WHAT NEEDS TO BE DONE. Looking through the listing that follows, count every line with the string "this" and state the number alone.

INPUT MATERIAL.
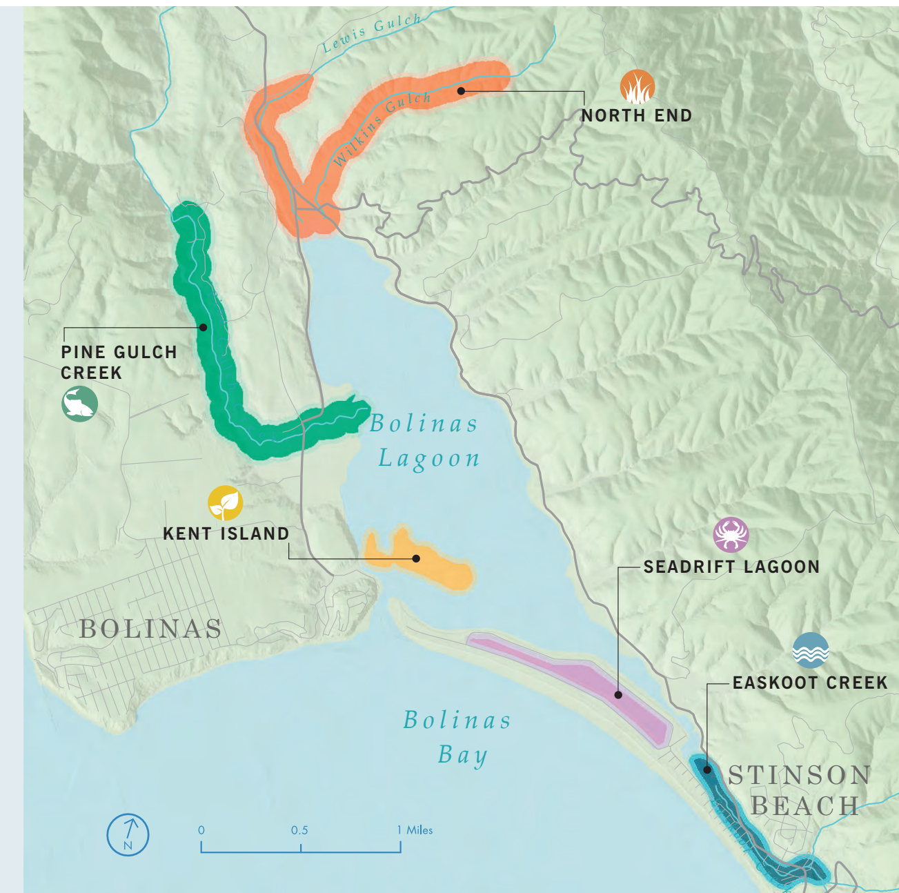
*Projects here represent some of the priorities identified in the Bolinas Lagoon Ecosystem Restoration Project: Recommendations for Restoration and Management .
==
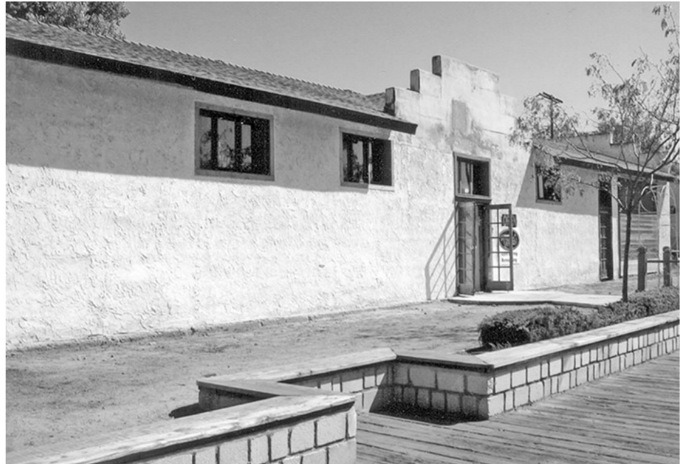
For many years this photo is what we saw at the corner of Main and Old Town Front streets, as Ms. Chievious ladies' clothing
* * *
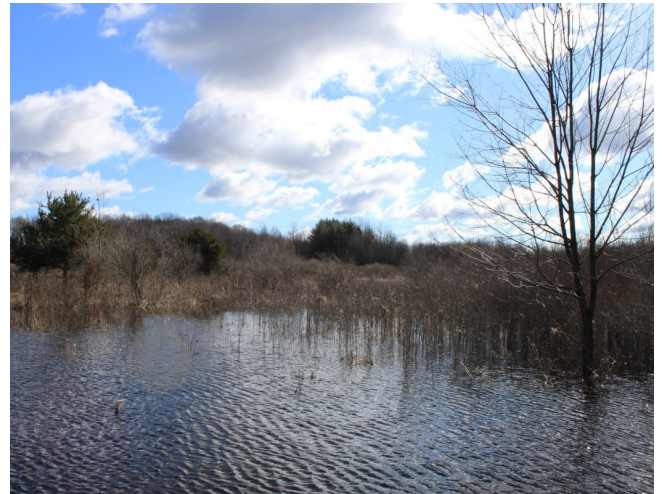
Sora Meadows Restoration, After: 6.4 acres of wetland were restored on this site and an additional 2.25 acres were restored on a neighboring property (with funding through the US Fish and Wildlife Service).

RESPONSE. 2